Unfortunately you can't crawl around into the places a mouse can so very difficult to find all of their entrances. I like to place snap traps around the inside and see which ones are catching the mice. conclusion is, their entrance is close. 

Add additional traps around the outside to reduce the total population. As their numbers grow they go searching for new homes, like yours. Fall is noted for mice moving indoors.

The fortunate part is they are easy to catch and keeping a few traps around after they numbers are down will catch new ones before they take up residency.

Bud


----------



## Guap0_ (Dec 2, 2017)

I was hired to seal a house. I was told to meet the exterminator so he could tell me what to do. We walked around the house the way a mouse would. He said that as soon as a mouse feels a warm draft, he makes a sharp turn into the house. All sealing has to be done from the outside. You have a stone foundation with no mortar between the stones. I don't know how you can mark that pic "no voids."


PS, I would get a cat either.


----------



## CaptTom (Dec 31, 2017)

I have a fieldstone foundation that's probably a few decades newer. Mine is mortared, but I suspect there are still small voids they can get in. I've closed many possible entrances over the years. I plugged a couple this year, and so far so good.

Hints that an inside gap leads through to an outside gap (not all do) include spider webs nearby, or dust and debris pushed aside, leaving a trail. And of course, droppings. For any suspect gap, push a tissue or part of a paper towel lightly into it. If later you notice it has been moved, you've found an entrance. Now go outside and see if you can find the gap it connects to on the outside.

Snap traps work well, but mix up styles. I like the old-fashioned ones with a wooden base, springs and metal snap bar, but there are some new plastic ones that will get those mice who've figured out the originals.
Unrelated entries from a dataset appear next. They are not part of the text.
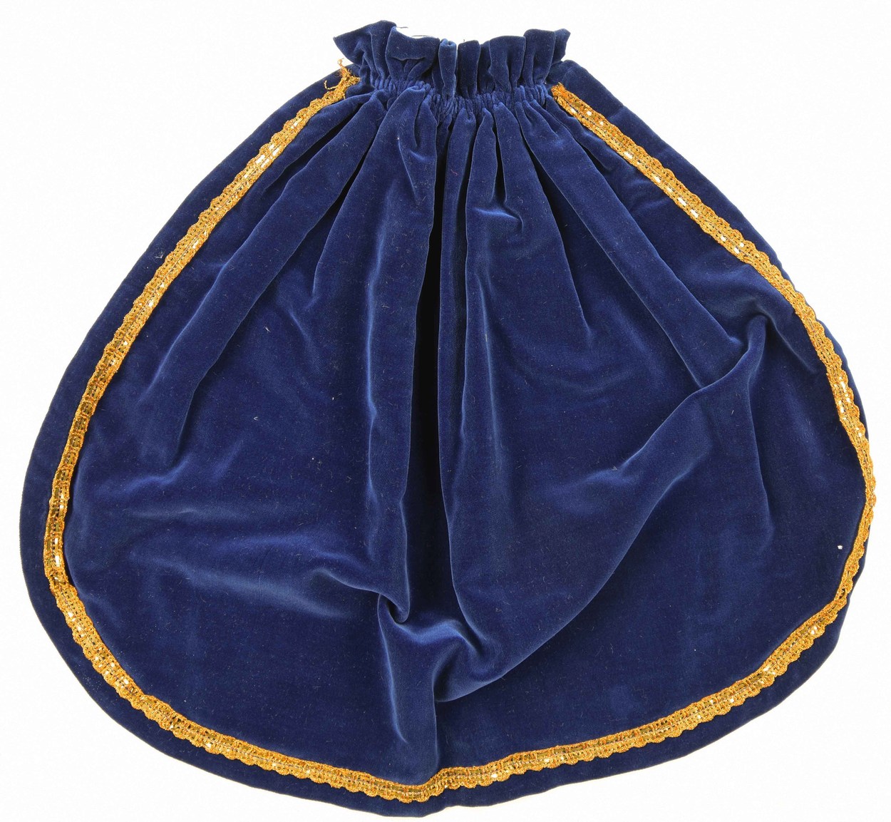 Blauwe schoudermantel afgezet met band goudgalon
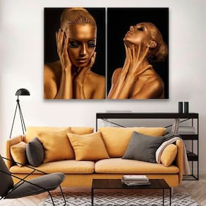Conjunto De Quadros Dupla Mulheres Douradas Conjunto de Quadros Dupla Mulheres Douradas G (118 x 78) - Qualidade Premium (padrão museu)
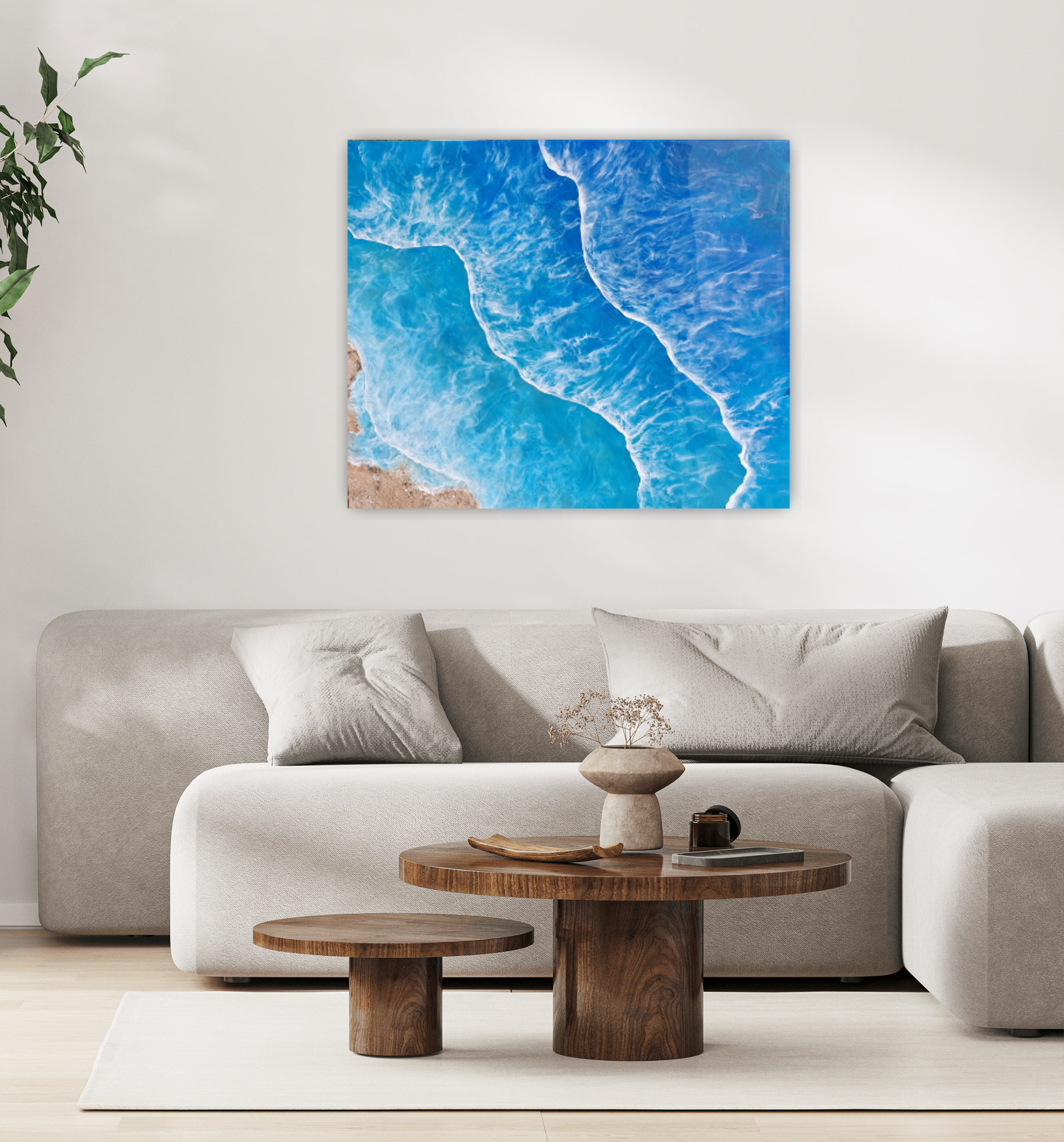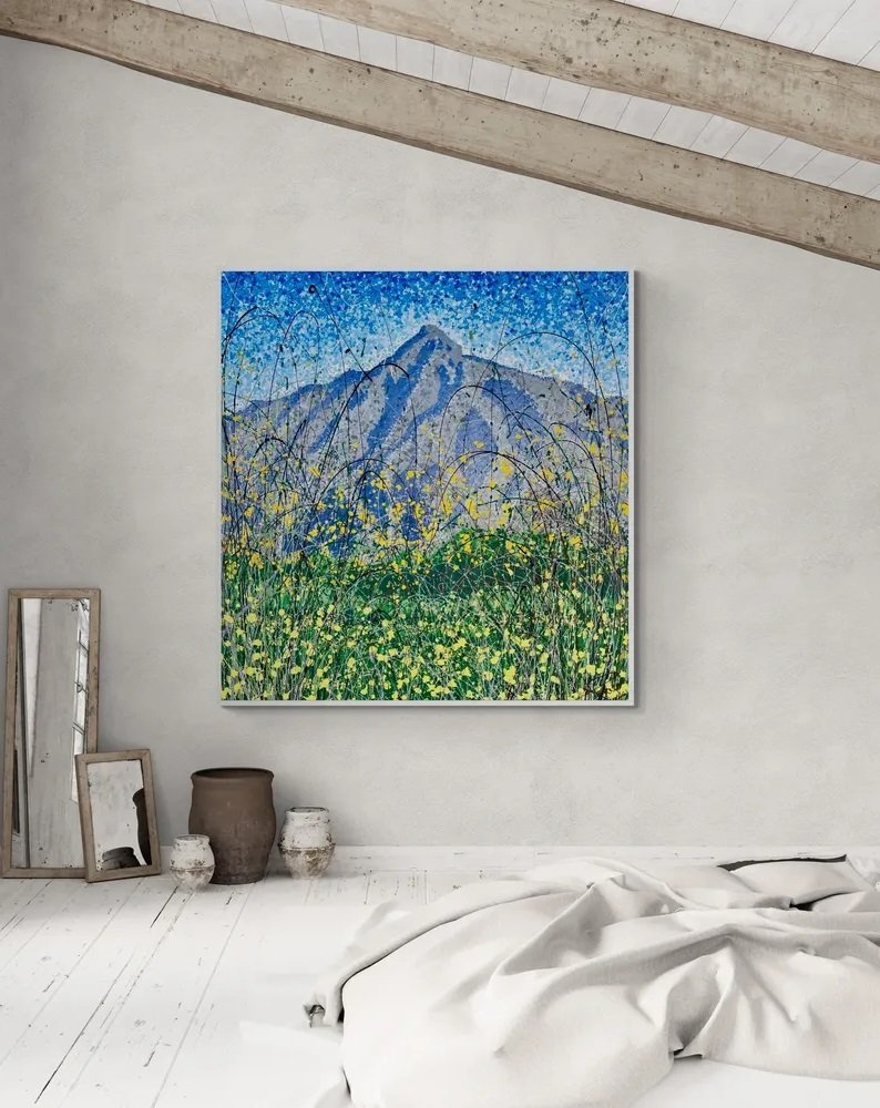 Acrylic on canvas with floating wooden frame. Finished in the colour of your choice.
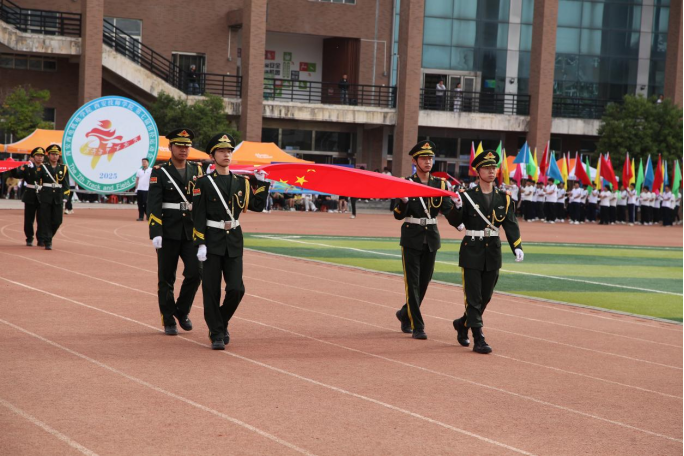 開幕式上,春風點燃熱血,賽道見證鋒芒。國旗校旗護衛(wèi)隊、會徽隊、彩旗方隊,各系學(xué)生代表方隊、裁判員代表隊依次邁著整齊劃一的步伐,喊著嘹亮口號走過主席臺。他們的每一步都傳遞著“青春逐夢賽場,體育點亮未來”的堅定信念,展現(xiàn)出“跑贏青春,越過山海,我的主場我主宰”的自信豪邁。

My favorite new style, however, is the "walk the plank" bucket trap. Best results I've ever gotten, although I've had a couple of mice learn to outsmart even that. I have a shed that's always had lots of mice, and with the plank trap they're almost all gone.


----------



## fwurlitzer (Nov 1, 2018)

Bud9051 said:


> Unfortunately you can't crawl around into the places a mouse can so very difficult to find all of their entrances. I like to place snap traps around the inside and see which ones are catching the mice. conclusion is, their entrance is close.
> 
> Add additional traps around the outside to reduce the total population. As their numbers grow they go searching for new homes, like yours. Fall is noted for mice moving indoors.
> 
> ...





Guap0_ said:


> I was hired to seal a house. I was told to meet the exterminator so he could tell me what to do. We walked around the house the way a mouse would. He said that as soon as a mouse feels a warm draft, he makes a sharp turn into the house. All sealing has to be done from the outside. You have a stone foundation with no mortar between the stones. I don't know how you can mark that pic "no voids."
> 
> 
> PS, I would get a cat either.


Great points and advice, thank you!

I believe there is mortar between the foundation stones.. there’s just a sealant over it on the inside. 

Funny how you mention how a mouse will follow a draft. There were small holes(tiny, not even a cm.) that I plugged from the inside that were missed by said foundation sealant. Whenever you ran your hand over it, there was a cold draft rushing in from the outside that was immediately noticeable. 

I’m trying to avoid exclusion straight from the outside. Once inside, the mice would have an abundance of places to take residence that are hard to get to from a human’s standpoint. 

I’ve considered investing in some 1/8” fine galvanized mesh, digging down 12” around the foundation, and apply the mesh to the exterior stone to prevent entry. Yes, I know, a lot work. 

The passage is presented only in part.